I planted 4 acres of a clover mix last fall. I include a 18" tall white early clover, a tall yellow clover, an even taller white clover, and a reddish or crimson clover. I was disappointed in all of them. I saw very few bees working any of them. Sure there were some, but not like I hoped. They bloomed in the order that I listed them, co there was and still are flowers there. Hopefully next year will be different.


----------



## SS Auck

brooksbeefarm said:


> Brad, i've read that honey from oilseed Rape has a unpleasant taste? have you tried it? This thread has got my dobber down i bought 100 lbs. of cc to sow ( this fall) where i had some dozing done in a wooded area that i have 12 hives, i've read that bees work it hard? i guess the deer and turkey will like it.


dont get too upset people on here are still confused on crimson vs red. the CC i have seen in mo is usually covered with honeybees. deer are in it too in the spring and winter time.


----------



## mlanden

Andrew Dewey said:


> We've had a bunch of blooms after a rain, for example, but the bees wait.


I've heard that rain rinses away lots of nectar, so that could be the reason your girls aren't busy w/ the blooms then. Here in eastern NC, we've had the rainiest year in history, I think, so I'm guessing the bees've had a rough time with nectar collection ...


----------



## crmauch

Tim KS said:


> I planted 4 acres of a clover mix last fall. I include a 18" tall white early clover, a tall yellow clover, an even taller white clover, and a reddish or crimson clover. I was disappointed in all of them. I saw very few bees working any of them. Sure there were some, but not like I hoped. They bloomed in the order that I listed them, co there was and still are flowers there. Hopefully next year will be different.


I believe the two tall clovers (yellow and white) are likely to be sweet clover. I believe the sweet clovers and crimson clovers are annuals (though will reseed). 

I only have a small patch of crimson clover, and I have some honey bees working it. I think it's (usually) fairly easy to discern crimson and red clovers. As a plant crimson is fairly low-growing and looks somewhat like the "dutch white" perennial clover that gets into our yards. Red clover as a plant looks like it's on steroids and is much bigger plant and leaves overall.
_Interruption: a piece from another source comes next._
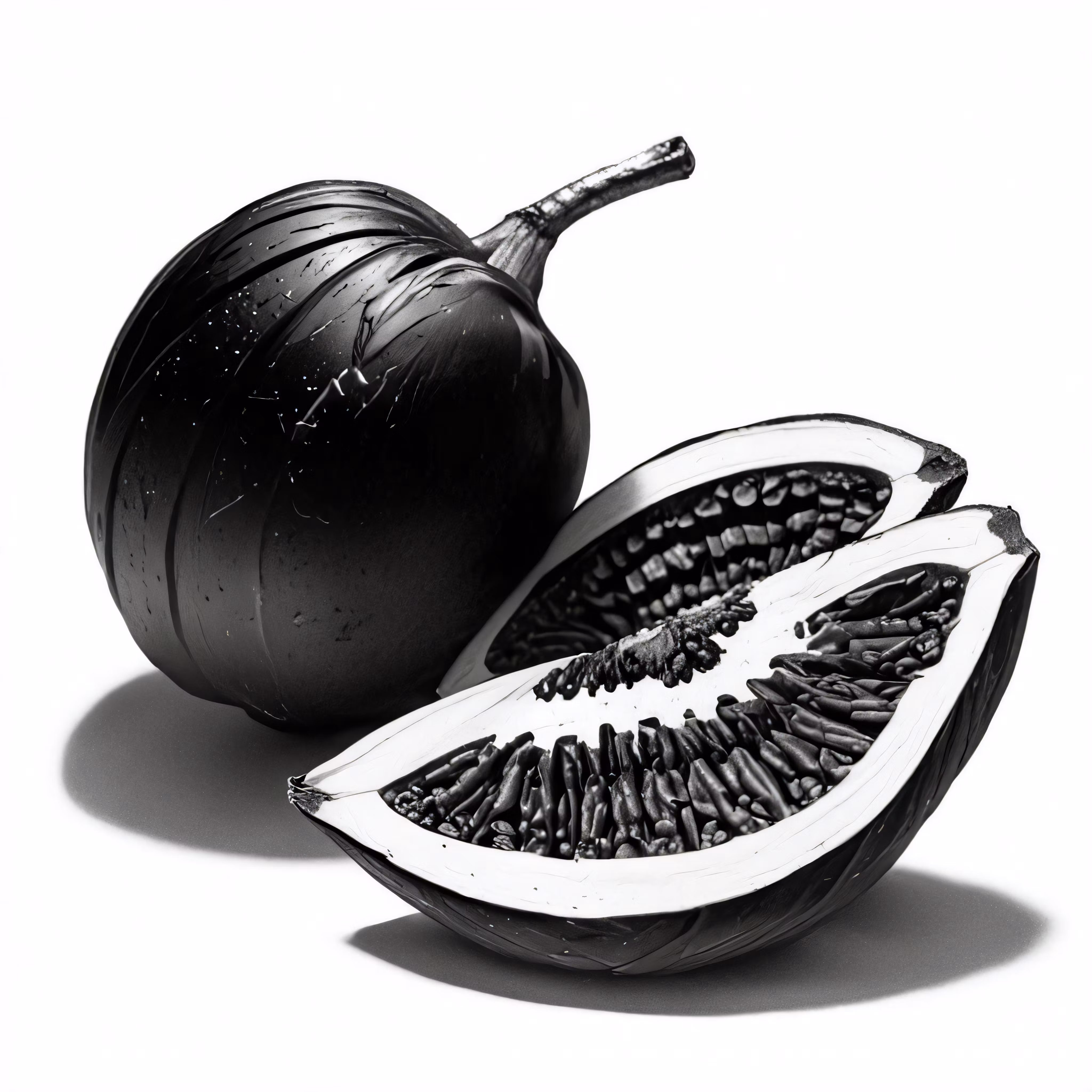 High resolution picture, free to use, a whole and halved papaya fruit sits in front of a whole and half peeled papaya

Crimson clover flower is not quite round and is rather small. As the flower ages turns somewhat into a small spike. Red clover generally has a bigger flower and the flower does not turn into as much of a "spike" as it ages.


----------



## mlanden

Tim KS said:


> I planted 4 acres of a clover mix last fall. I include a 18" tall white early clover, a tall yellow clover, an even taller white clover, and a reddish or crimson clover. I was disappointed in all of them. QUOTE]
> 
> I've decided to go with basic garden greens -- which can serve as "green manure" and be good for meals -- rape, mustard, kale, spinach, turnip, broccoli, beets. I planted mine last summer, feasted through the winter, and let 'em bolt in late winter/early spring -- and my bees went crazy for the flowers. There must be major pollen/nectar supplies there. Once the blooms became seeds, I just turned the plants over in the soil and ..... no issues. A # sprouted, of course, but ..... they're ready for meals then, too. My meals, I mean. It's a win-win-win. From what I'm reading of the clovers, vetch, etc, they mostly sound like a pain, are useless for kitchen purposes, and not that attractive to the honeybees.


----------



## johno

Here are some pics of my crimson clover, the Dixie variety.


----------



## Brad Bee

This is a picture of a portion of mine. It sure was pretty but it sure was mostly ignored by the honeybees


----------



## Brad Bee

Trying to get a better picture loaded....



Yeah it worked! Many thanks to jwcarlson


----------